Your goal:
The first line of the data below and every line after it, through the one with "圖為次仁德瓊的二女兒格桑羅吉正在向次仁德瓊敬切瑪 攝影:張曉琪", must be transcribed without change.

(Beginning of Given data)

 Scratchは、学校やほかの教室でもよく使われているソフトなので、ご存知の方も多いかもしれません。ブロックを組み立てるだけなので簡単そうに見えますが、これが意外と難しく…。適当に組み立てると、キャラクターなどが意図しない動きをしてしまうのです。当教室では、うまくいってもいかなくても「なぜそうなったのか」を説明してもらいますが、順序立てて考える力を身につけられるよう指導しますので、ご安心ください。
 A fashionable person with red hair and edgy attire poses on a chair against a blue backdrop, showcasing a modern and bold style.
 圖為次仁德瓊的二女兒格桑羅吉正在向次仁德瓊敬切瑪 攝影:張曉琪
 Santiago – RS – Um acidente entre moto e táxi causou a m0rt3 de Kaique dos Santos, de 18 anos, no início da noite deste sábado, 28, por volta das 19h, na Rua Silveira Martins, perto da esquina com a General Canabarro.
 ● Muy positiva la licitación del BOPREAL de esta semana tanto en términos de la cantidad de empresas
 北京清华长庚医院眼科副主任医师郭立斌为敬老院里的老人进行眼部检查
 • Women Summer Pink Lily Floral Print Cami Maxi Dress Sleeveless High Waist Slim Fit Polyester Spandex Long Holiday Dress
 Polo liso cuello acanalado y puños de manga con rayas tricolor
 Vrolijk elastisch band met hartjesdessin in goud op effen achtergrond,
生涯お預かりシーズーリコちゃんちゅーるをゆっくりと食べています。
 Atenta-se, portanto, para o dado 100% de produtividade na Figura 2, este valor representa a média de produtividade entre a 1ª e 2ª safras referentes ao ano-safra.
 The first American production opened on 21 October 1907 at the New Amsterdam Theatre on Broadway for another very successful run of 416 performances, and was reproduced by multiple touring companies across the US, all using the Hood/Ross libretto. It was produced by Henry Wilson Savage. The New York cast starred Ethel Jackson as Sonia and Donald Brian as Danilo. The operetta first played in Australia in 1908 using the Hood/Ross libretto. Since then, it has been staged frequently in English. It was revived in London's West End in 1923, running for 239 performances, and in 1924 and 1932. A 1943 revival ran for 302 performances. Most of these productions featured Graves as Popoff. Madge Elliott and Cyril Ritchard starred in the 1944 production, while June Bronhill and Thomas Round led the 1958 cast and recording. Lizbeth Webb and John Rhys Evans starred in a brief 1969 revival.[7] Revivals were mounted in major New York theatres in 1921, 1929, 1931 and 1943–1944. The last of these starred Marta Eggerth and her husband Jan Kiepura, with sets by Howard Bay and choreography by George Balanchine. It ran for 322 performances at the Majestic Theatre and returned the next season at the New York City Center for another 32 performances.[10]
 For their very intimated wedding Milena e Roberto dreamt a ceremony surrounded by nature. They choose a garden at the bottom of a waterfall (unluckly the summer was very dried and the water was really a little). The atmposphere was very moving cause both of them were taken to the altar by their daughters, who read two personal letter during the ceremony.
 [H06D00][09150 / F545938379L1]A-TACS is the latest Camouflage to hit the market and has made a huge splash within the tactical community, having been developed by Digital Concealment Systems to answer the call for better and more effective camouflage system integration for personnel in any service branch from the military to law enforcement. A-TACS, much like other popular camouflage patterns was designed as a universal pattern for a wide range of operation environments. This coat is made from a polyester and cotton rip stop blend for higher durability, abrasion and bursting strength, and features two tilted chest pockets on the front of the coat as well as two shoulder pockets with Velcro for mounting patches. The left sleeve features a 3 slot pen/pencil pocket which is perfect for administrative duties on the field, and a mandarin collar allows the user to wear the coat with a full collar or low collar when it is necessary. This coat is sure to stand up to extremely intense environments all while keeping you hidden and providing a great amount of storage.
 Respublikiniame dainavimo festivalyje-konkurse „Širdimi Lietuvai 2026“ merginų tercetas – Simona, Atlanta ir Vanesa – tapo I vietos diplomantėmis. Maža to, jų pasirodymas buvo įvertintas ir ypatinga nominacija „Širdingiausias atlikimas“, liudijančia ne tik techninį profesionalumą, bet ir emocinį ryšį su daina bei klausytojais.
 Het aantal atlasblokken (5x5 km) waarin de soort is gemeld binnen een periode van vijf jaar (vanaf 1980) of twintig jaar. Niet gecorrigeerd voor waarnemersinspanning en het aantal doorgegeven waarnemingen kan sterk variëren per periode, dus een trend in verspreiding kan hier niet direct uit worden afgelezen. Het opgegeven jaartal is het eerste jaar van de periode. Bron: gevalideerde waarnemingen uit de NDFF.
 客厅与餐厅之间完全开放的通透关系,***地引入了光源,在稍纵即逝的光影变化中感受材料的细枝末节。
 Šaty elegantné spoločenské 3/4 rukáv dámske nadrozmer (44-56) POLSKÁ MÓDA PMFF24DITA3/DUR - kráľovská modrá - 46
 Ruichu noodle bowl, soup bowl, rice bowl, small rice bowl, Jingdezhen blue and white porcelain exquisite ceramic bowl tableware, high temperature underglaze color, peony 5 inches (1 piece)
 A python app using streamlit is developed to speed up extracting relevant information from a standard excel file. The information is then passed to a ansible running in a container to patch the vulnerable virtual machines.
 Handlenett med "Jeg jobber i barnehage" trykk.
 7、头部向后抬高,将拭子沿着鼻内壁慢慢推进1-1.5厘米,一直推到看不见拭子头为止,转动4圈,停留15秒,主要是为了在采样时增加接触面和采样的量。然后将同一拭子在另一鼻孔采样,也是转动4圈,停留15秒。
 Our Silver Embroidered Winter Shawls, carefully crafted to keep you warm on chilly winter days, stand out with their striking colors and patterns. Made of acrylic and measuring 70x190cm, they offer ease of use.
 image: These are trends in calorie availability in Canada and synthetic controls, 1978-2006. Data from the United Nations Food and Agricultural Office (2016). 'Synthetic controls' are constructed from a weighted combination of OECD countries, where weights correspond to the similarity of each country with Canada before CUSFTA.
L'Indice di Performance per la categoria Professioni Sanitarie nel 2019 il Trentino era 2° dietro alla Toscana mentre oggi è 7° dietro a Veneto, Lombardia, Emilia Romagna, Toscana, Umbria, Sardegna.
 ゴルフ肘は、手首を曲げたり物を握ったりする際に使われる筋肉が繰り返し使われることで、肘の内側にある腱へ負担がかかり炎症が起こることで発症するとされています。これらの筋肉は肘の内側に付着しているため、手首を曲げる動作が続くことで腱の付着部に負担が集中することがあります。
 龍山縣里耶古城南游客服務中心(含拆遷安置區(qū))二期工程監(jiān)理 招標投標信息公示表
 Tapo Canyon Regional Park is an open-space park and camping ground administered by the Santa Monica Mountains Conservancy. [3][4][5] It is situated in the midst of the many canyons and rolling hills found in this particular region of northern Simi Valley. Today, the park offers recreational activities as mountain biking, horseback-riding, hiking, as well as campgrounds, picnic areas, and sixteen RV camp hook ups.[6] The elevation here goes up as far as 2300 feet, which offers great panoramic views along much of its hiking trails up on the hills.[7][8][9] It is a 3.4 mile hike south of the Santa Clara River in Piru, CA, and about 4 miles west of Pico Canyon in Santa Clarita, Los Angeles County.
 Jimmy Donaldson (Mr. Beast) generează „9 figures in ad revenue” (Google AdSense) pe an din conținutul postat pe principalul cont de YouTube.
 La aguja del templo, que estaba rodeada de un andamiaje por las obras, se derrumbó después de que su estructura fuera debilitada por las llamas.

(End of Given data)

Answer to this exercise:
 Scratchは、学校やほかの教室でもよく使われているソフトなので、ご存知の方も多いかもしれません。ブロックを組み立てるだけなので簡単そうに見えますが、これが意外と難しく…。適当に組み立てると、キャラクターなどが意図しない動きをしてしまうのです。当教室では、うまくいってもいかなくても「なぜそうなったのか」を説明してもらいますが、順序立てて考える力を身につけられるよう指導しますので、ご安心ください。
 A fashionable person with red hair and edgy attire poses on a chair against a blue backdrop, showcasing a modern and bold style.
 圖為次仁德瓊的二女兒格桑羅吉正在向次仁德瓊敬切瑪 攝影:張曉琪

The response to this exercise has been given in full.